Wed, November 21, 2007 at 09:51AM | Unregistered Commenterlizandgrant

How long before we see 1375?

- Todd

Wed, November 21, 2007 at 09:58AM | Unregistered CommenterTuba Todd

The S&P 500 EQUAL WEIGHTED index looks even worse.

Wed, November 21, 2007 at 10:09AM | Unregistered CommenterJB

I'm not challenging you, Jeff, and believe me i think we're going lower, but this isn't a double top until we close below 1400. We could just as easily bounce off 1400 and head all the way back up to 1560 or so and remain in a wide channel for 5 years. I think we definitely test 1400 sometime pretty soon, and then i think 1375 for the trendline/horizontal test would be next.

Am I correct?

Wed, November 21, 2007 at 10:11AM | Unregistered CommenterBrett

Jeff,
I was just looking at this myself while you were posting it. The bif "R" is on the way. Be a part of it. Position for it. The dollar is falling like a rock, oil is going much higher, and credit woes will turn to absolute sobbing and crying. Being long anything, except puts, can be detrimental to your health. I think 1375 is where it is all going and will stagnate there for more than a year. This is not doom and gloom it is a cycle and we are in the down side of the cycle. Get your investments on the short side of the markets.

FIGHT ON!!

Wed, November 21, 2007 at 10:25AM | Unregistered CommenterREBIGDOG

Your thoughts made me feel a little better about myself..I have been on the wrong side all week.

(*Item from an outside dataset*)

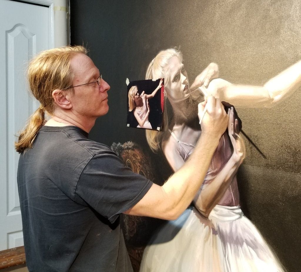Florida artist Kevin Grass is working on one of the ballerina figures in his Not #MeToo painting.
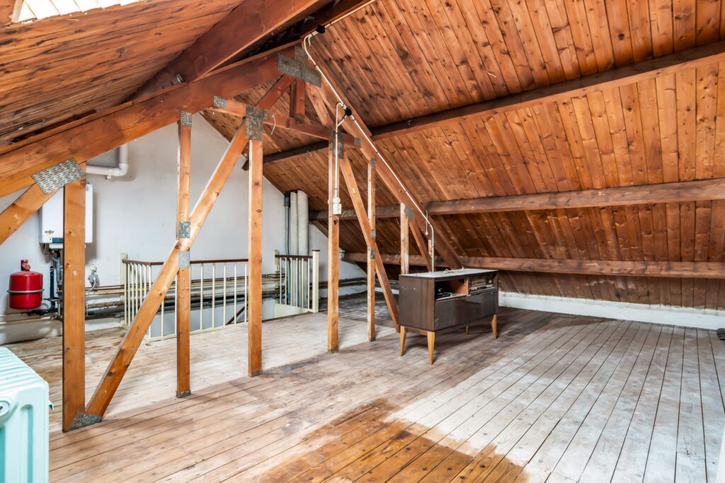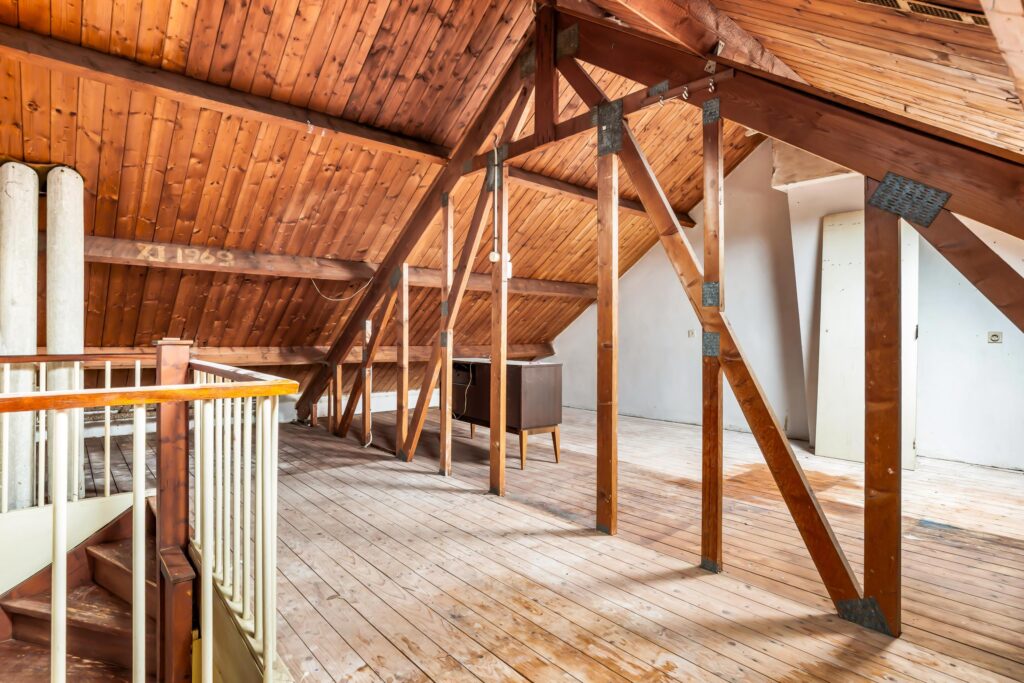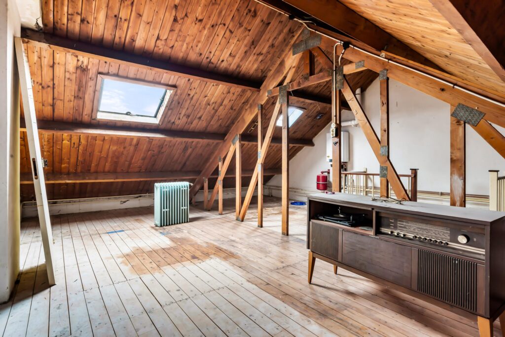 Via een vaste trap bereikt u de tweede verdieping. Deze verdieping is nog geheel vrij in te delen en biedt volop mogelijkheden. Denk aan het creëren van twee extra slaapkamers gecombineerd met een was- en stookruimte – de potentie is er.

Wed, November 21, 2007 at 10:28AM | Unregistered CommenterRalph

Isn't diversification just as important in a bear market as a bull? I've been hearing people say it's too risky to be long anything right now, but isn't that the same as saying it's too risky to be short anything in a bull market? Or is there a separate set of rules for a bear market? The 35% of my portfolio that is invested right now has a bearish bias, but we are still dealing with a market of stock, yes?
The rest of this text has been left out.